Comment l’IT révolutionne le métier d’assureur
L’exemple d’AXA montre qu’objets connectés, Big Data, mobile, réseaux sociaux, numérisation, contrats « à l’usage » et nouveaux partenariats vont remodeler un secteur désormais profondément lié à la technologie
Les assureurs sont en train de réinventer leurs métiers. Avec, au cœur de cette transformation, l’IT. Pourquoi ? Parce que les objets connectés, les smartphones et l’analyse des énormes volumétries de données (Big Data) qu’ils génèrent permettent de passer d’une évaluation des risques a priori qui s’appuie sur des modèles généraux (par tranche d’âge, par zone géographique, par CSP, par cylindrée, etc.) à une évaluation in situ qui s’appuie sur les comportements réels – individualisés – des assurés.
Mais pour cela, encore faut-il avoir la capacité de collecter, de stocker et d’analyser ces données. Des métiers techniques qui ne sont pas ceux traditionnels des assureurs. Mais qui risquent de le devenir comme le montre le lancement par un des leaders du marché, AXA, d’un « Data Innovation Lab ».

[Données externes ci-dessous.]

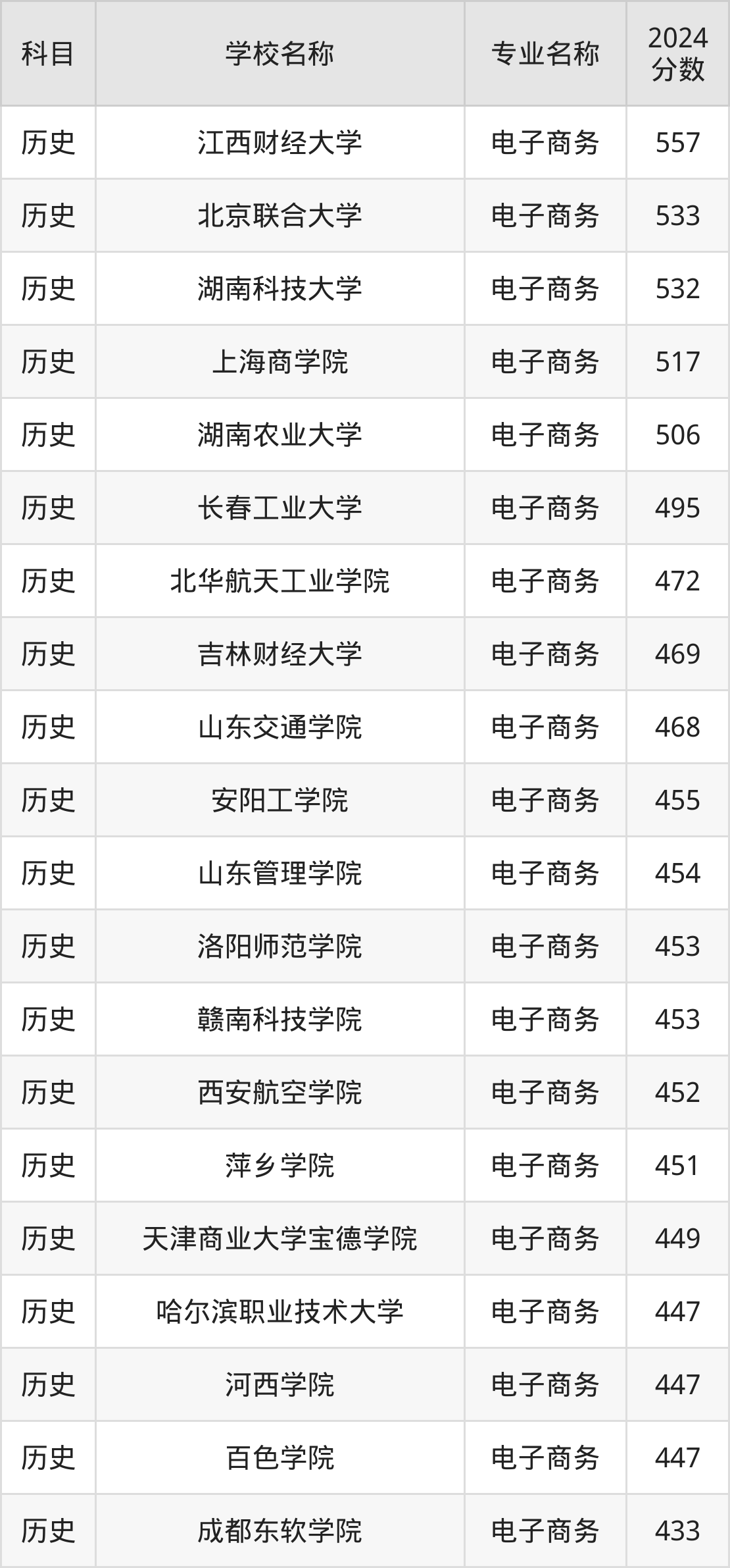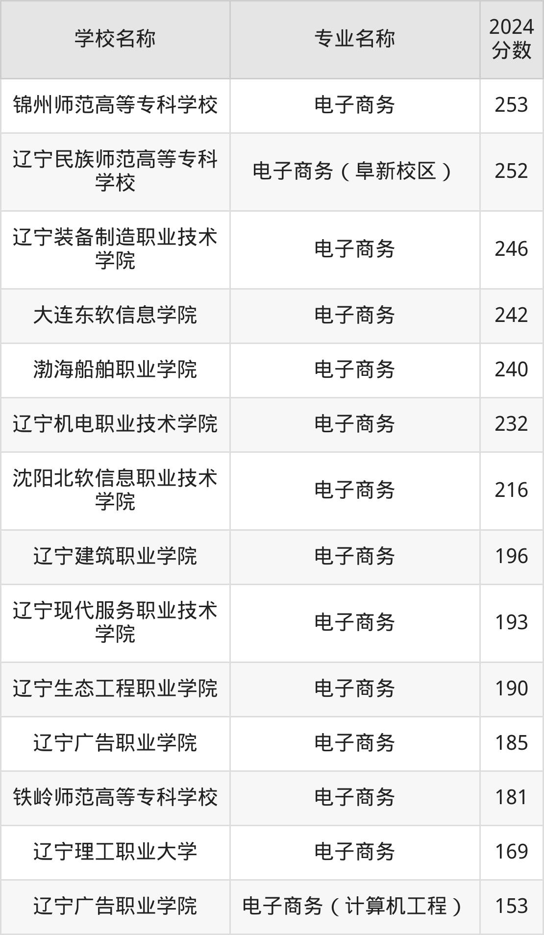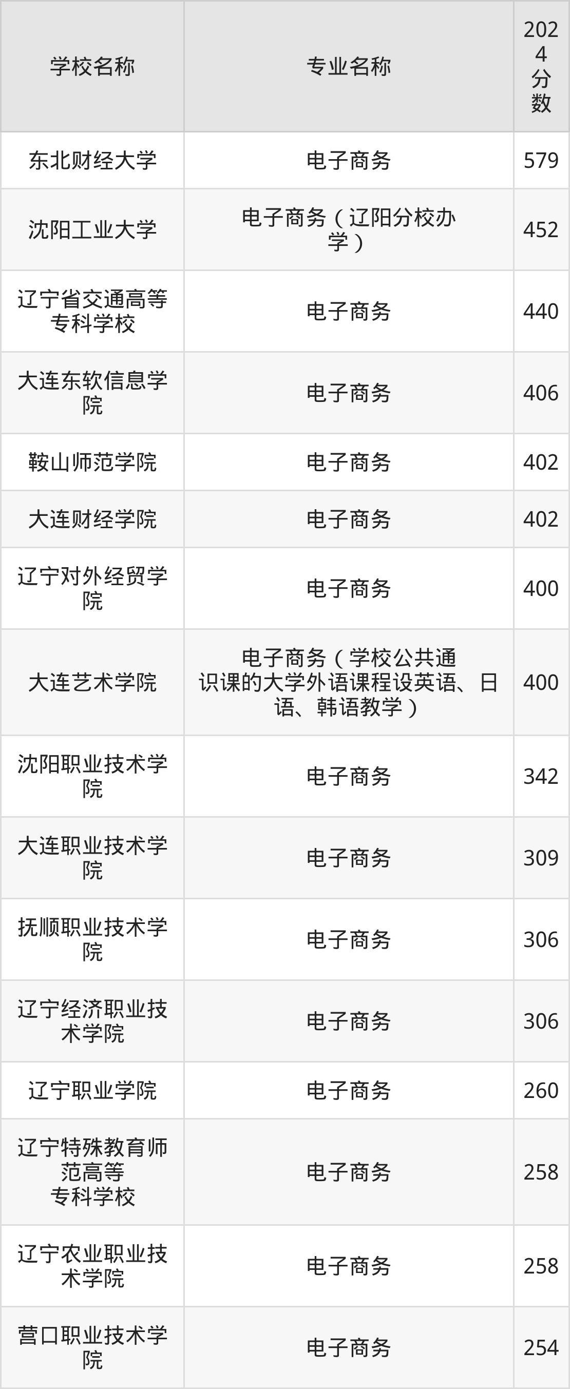 | 辽宁省交通高等专科学 校 | 电子商务 | 414 |

Quand le smartphone modélise la conduite
Ce « Data Innovation Lab », basé à Suresnes, a pour but d’acquérir de nouveaux savoir-faire autour de la donnée et du Big Data. Premier chantier d’application sur lequel travaille la nouvelle structure : la conduite.
Pour capturer des informations sur les conducteurs, l’assureur avait imaginé dès 2009 embarquer un système télématique dans les véhicules. L’avènement des smartphones a, depuis, bien simplifié les choses. Et cinq ans plus tard, AXA propose une application qui modélise la conduite d’un usager : AXA Drive.
Officiellement, cette app sur iOS et Android – à installer sur son smartphone, lui-même accroché au pare-brise du conducteur – est éducative et préventive. Elle indique au conducteur s’il est – d’après les critères de l’assureur – vertueux ou dangereux sur la route. Mais elle ne remonte pas d’informations à AXA. En tout cas pas encore. Car à l’avenir, tout indique que ce type d’outils fera aussi du reporting .Les usages possibles de ces données étant à la fois multiples et critiques.
Un « tracker » (physique et logiciel) permet en effet de lutter contre la fraude aux assurances. Un smartphone et un objet connecté sont en effet l’outil idéal pour suivre un kilométrage et voir s’il correspond bien aux déclarations de l’assuré. Mais ces données ouvrent surtout la porte à un nouveau « business model ».
Première brique du « Pay as You Drive » en France
Les informations issues de ces apps (via l’accélérateur, le GPS, etc.) et/ou d’une « boite noire » installée volontairement (que les camionneurs appellent communément « un mouchard ») ou encore celles venant des capteurs natifs - qui se multiplient dans les voitures - permettent en effet le « Pay as you Drive ». En clair, une modulation des primes d’assurance en fonction du comportement réel sur la route.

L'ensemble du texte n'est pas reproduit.